A split manufacturing approach for unclonable chipless RFIDs for pharmaceutical supply chain security

2017 
Today's pharmaceutical supply chain suffers from counterfeiting and theft issues, which not only compromise the profits and reputations of manufacturers, distributors, and retailers, but also pose a threat to consumer safety and public health. Track-and-trace techniques form the foundation for an improved supply chain by enabling supply chain owners and/or participants to systematically detect and control counterfeiting, theft, etc., but existing approaches (barcodes, QR codes, and IC-based RFID) are too costly, inconvenient, unreliable, or insecure. While an improvement, existing chipless RFID tags are limited by their complex manufacturing process, large tag area, small identifier (ID) size, and vulnerability to cloning attack. In addition, the pharmaceutical industry lacks a simple and effective way to enable pill-level traceability.

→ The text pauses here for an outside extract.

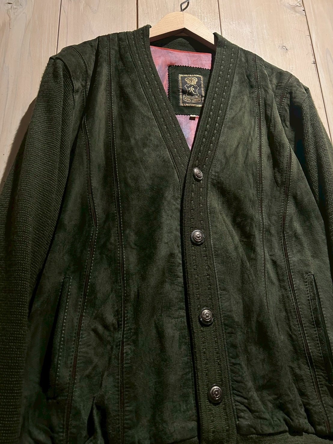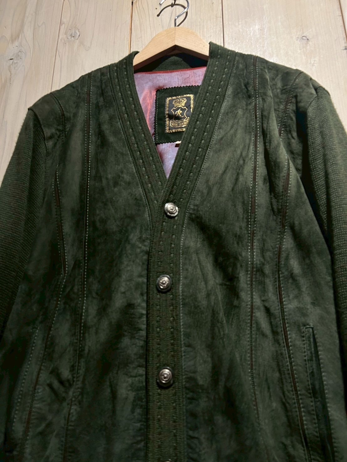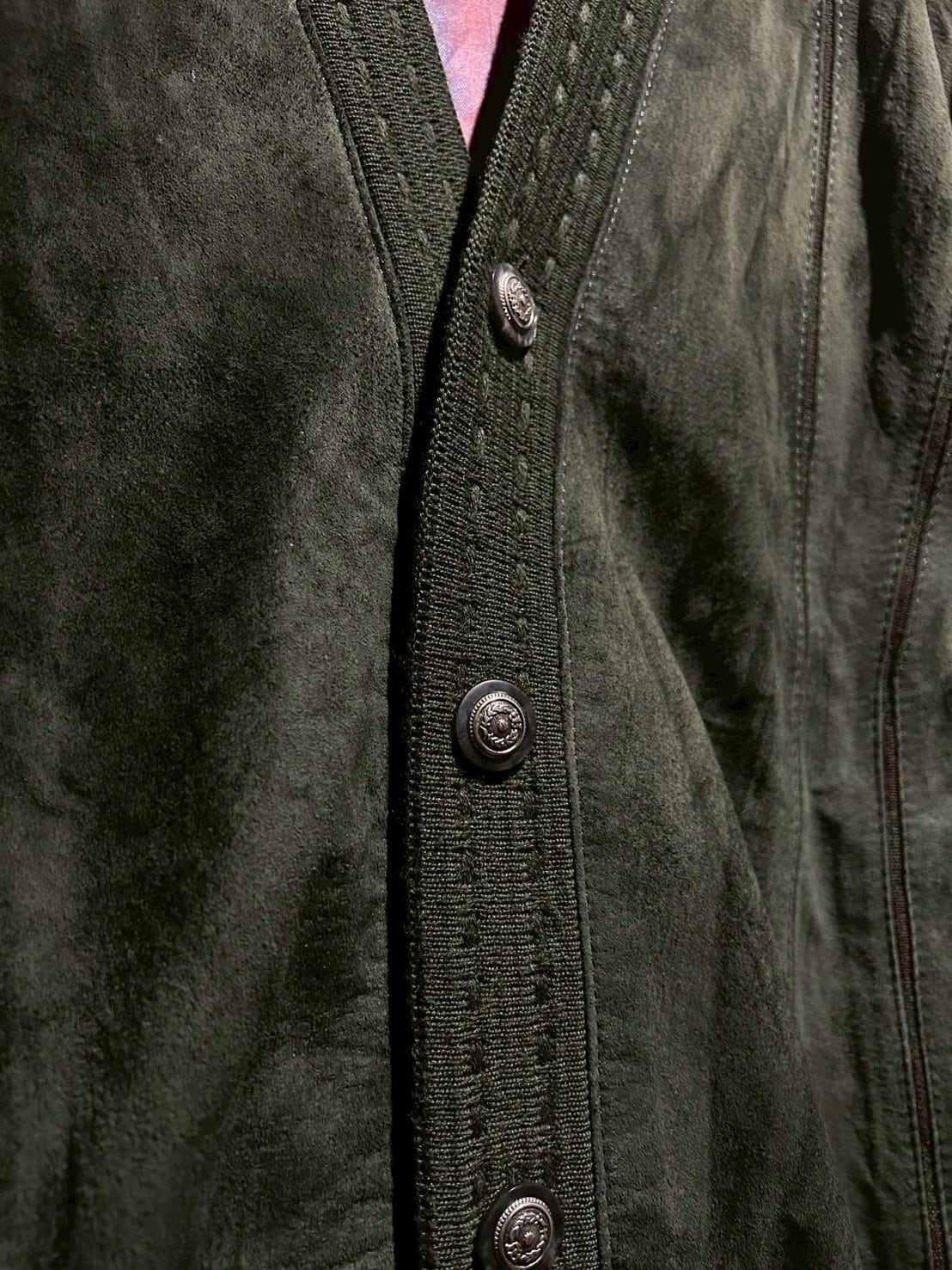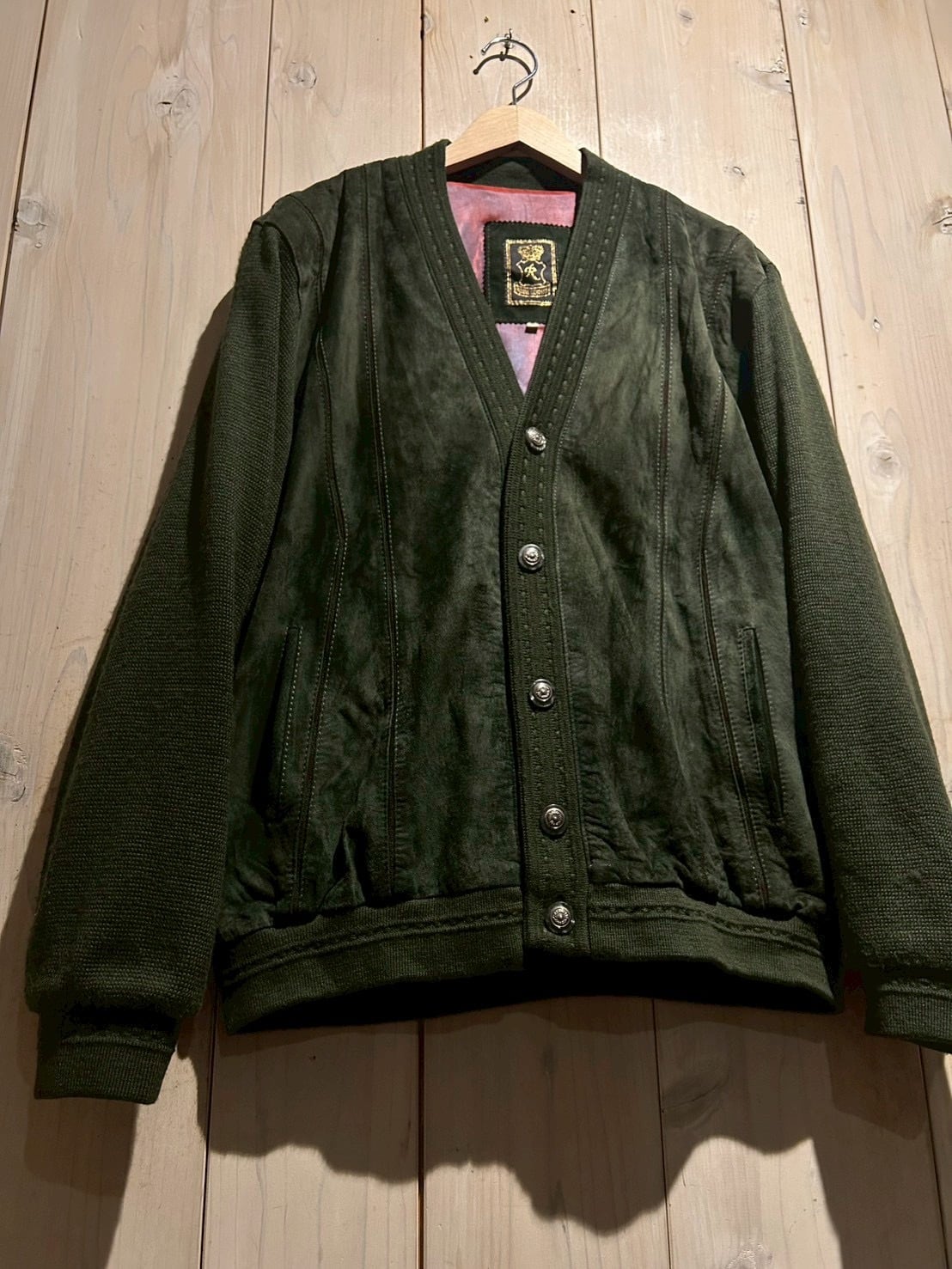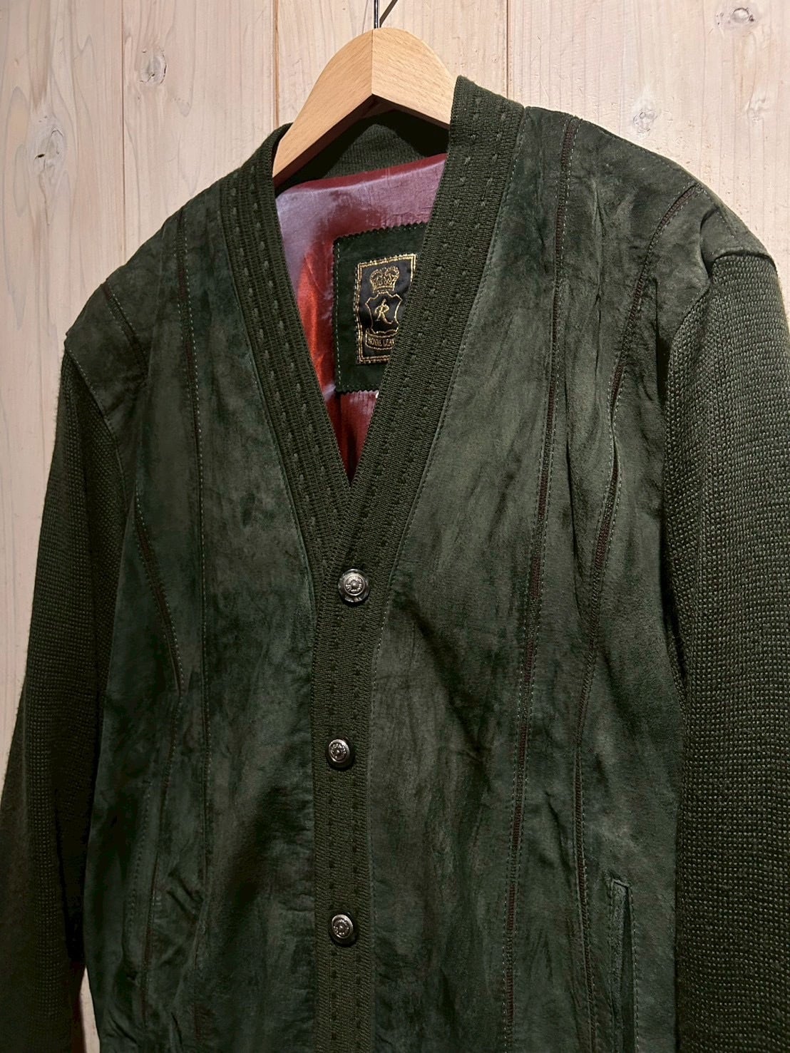 深みのあるグリーンカラーをベースに、フロントへスエードを大胆に切り替えた80'sユーロヴィンテージのカーディガンジャケット。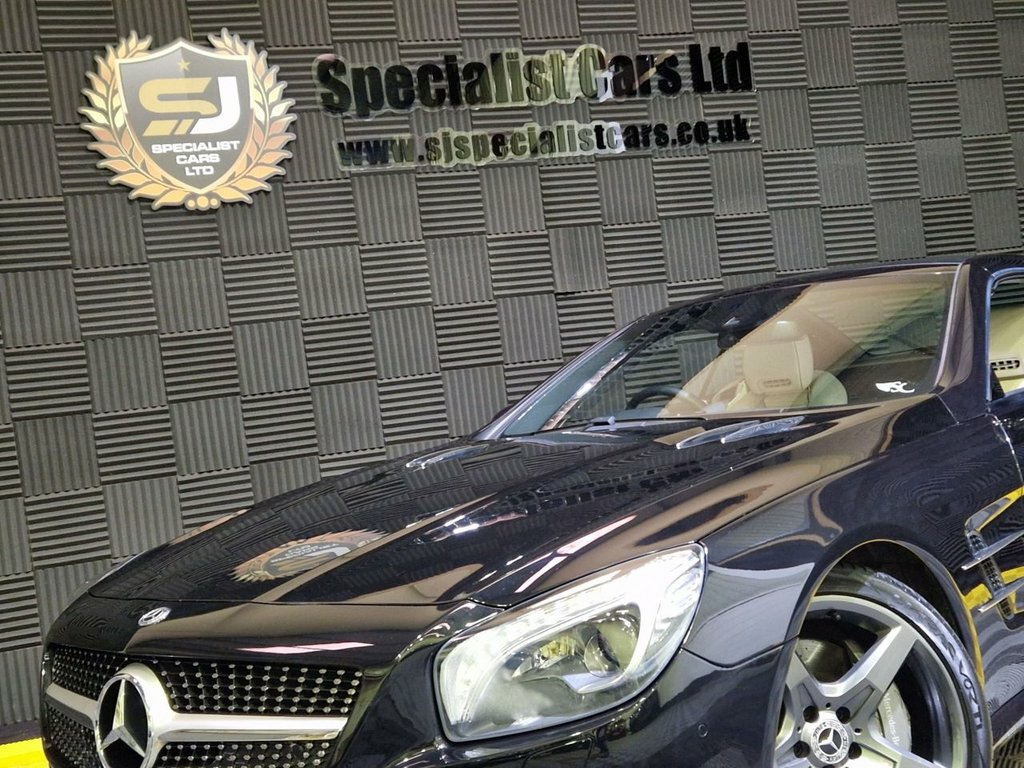 2014 / 14 Mercedes SL500 4.7 V8 AMG Sport Conv. Finished in Obsidian Black Metallic, with Cream Leather, 68000 miles , Full Service history, with 5 main dealer services and 6 Specialist Services. Last Owner Had Car For 6 Years, Spec Inc : 19" Genuine AMG 5 Spoke Alloys in Graphite Grey, Panoramic Vario Sunroof, Air Scarf, Electric Heated Memory seats, Harmon Kardon Surround Sound, Reverse Camera, Stunning Car. Warranties and Part Exchange Available. 10GB Music Register and MP3 Compatibilit, 19in Alloy Wheels - AMG 5 Spoke Design, 7-inch Colour Display, 8 Speakers with FrontBass, ABS - Anti-Lock Braking System, AMG Bodystyling - Front and Rear Apron -, AMG Sports Package, AMG Sports Suspension, ATTENTION Assist, Active Bonnet - Pedestrian Safety which , Active Light System, Active Park Assist with Parktronic, Adaptive Brake System with Full Hold Fun, Airbags - Dual Stage - Driver, Airbags - Dual Stage - Front Passenger, Airbags - Front Sidebags, Airbags - Head and Sidebags - Driver and, Alarm System with Immobiliser and Interi, Automatic Child Seat Recognition Sensor, Automatically Dimming Rear View Mirror a, BAS - Brake Assist, Bluetoot

To address these problems, we propose a new split manufacturing based pill-level unclonable chipless RFID (pill-level UCR) tag that intrinsically generates a unique ID from multiple entropy sources. Pill-level UCR tag consists of two parts: (i) a certain number of concentric ring slot resonators integrated on the external surface of each plastic cavity or pocket of blister pack that packages pharmaceutical tablets; and (ii) nontoxic silver particles of random quantity with random diameters filled in random places of each pharmaceutical tablet. The diameter of pill-level UCR tag is as small as 10 mm. Simulation results based on CST Microwave Studio 2015 have verified the effectiveness and reliability of pill-level UCR tags.